Sarah Morgan

Healthcare Geek.
Professional Communicator.

organization

Sit With It

You know that odd experience where, once you’ve heard a new idea, it will show up all over? Synchronicity? Serendipity? Collusion of the universal powers? Whatever it is, I’m having it.

“Sit with it.” That’s the concept that is showing up everywhere to me. Maybe it’s a trendy phrase, but I’m seeing it everywhere, and it’s hitting home for me. Firstly, because it’s one of those things that I know works. And secondly, because it’s one of those things I’m exquisitely poor at.

It really is a type of organization – mental organization. I can get so fussed up about all the things going on in life that I don’t address which ones I’ve added  to keep me from thinking about the uncomfortable stuff I’d rather avoid. It’s subconscious mental slovenliness. You need to declutter, and unlike physical decluttering, which involves a lot of movement, mental decluttering often involves – you guessed it – sitting with it.

If you’re in emotional pain, you don’t just need to move past the hurt, you need to dig it out and sit with it. Don’t devote your life to it – but do identify it, and look at it so you really know what you’re looking at. We tuck down so much of the stuff that upsets us that when we finally do this, it’s amazing how a. obvious and b. not-so-scary-after-all it really is. This is hard for me, because I come from a lifetime of “tucking it down” and a genetic heritage of it.(I’m Irish: they don’t talk about what’s wrong, they make jokes about it.) But after many years of working hard on this, I’ve made strides. (At least now I notice when I’m avoiding things.  That counts as progress, right?)

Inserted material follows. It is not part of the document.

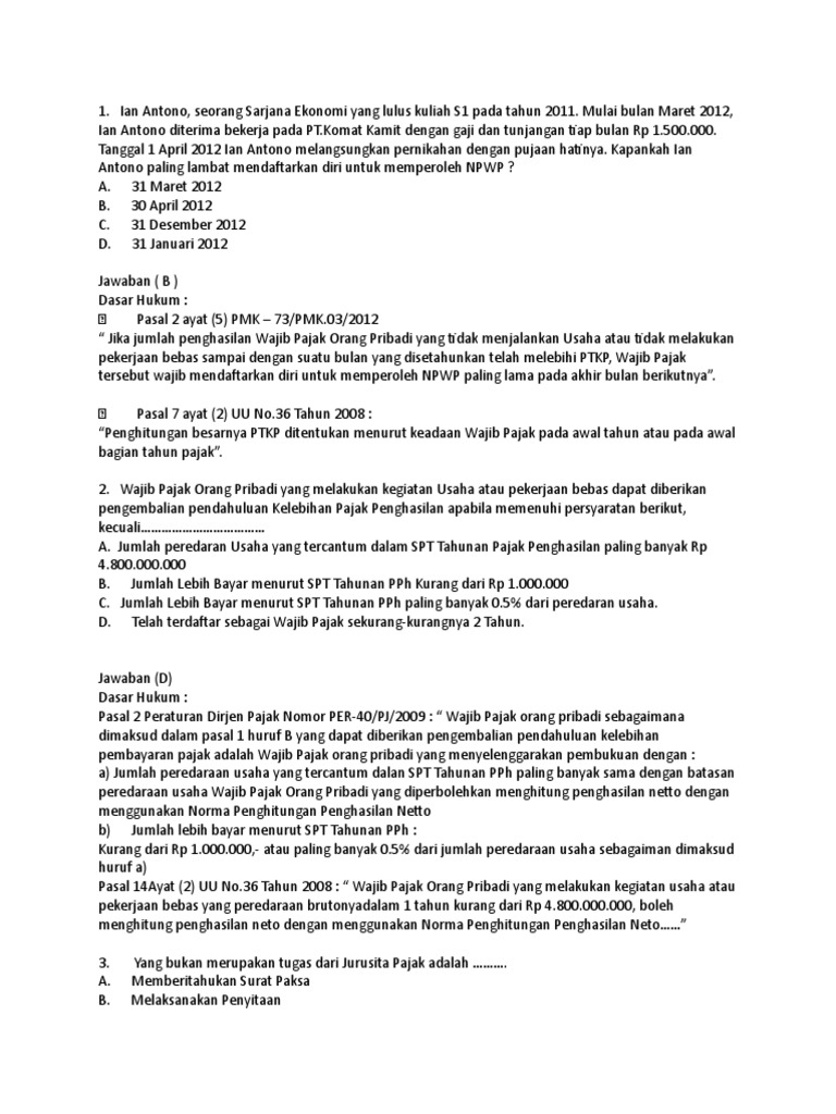 Contoh soal yang berkaitan dengan pajak penghasilan pph. Admin blog dapatkan contoh 2020 juga mengumpulkan gambar gambar lainnya terkait contoh soal brevet pajak dan jawabannya pdf dibawah ini. Beban pajak hendaknya sesuai dengan kemampuan wajib pajak c. Gragas merupakan pkp yang menjual elektronik di palembang. 700000 iuran tht tunjangan hari tua rp1000000 perbulan dan iuran pension sebesar rp700000 sebulan.

And if you’re in physical pain, you need to sit with it. Really notice what’s going on and consider what can help it. I’m convinced that the three biggest health aids in the world are sleep, water, and conscious focus. I rolled my ankle on Saturday, and as twitchy and frustrated as I’ve been, I’ve been really paying attention to it… and it’s been working.

And in any relationship, you need to sit with it. If you care about a person, you need to say hard truths and ask uncomfortable questions sometimes. But then, this is the hard part – you have to shut up and listen. That’s the part that makes a difference.

Nothing makes me fidgety more than someone (including myself) telling me to sit still. Nothing makes me more uncomfortable than losing the distraction I’m hiding behind. Nothing, therefore, is more worth it. So I’m sitting with it.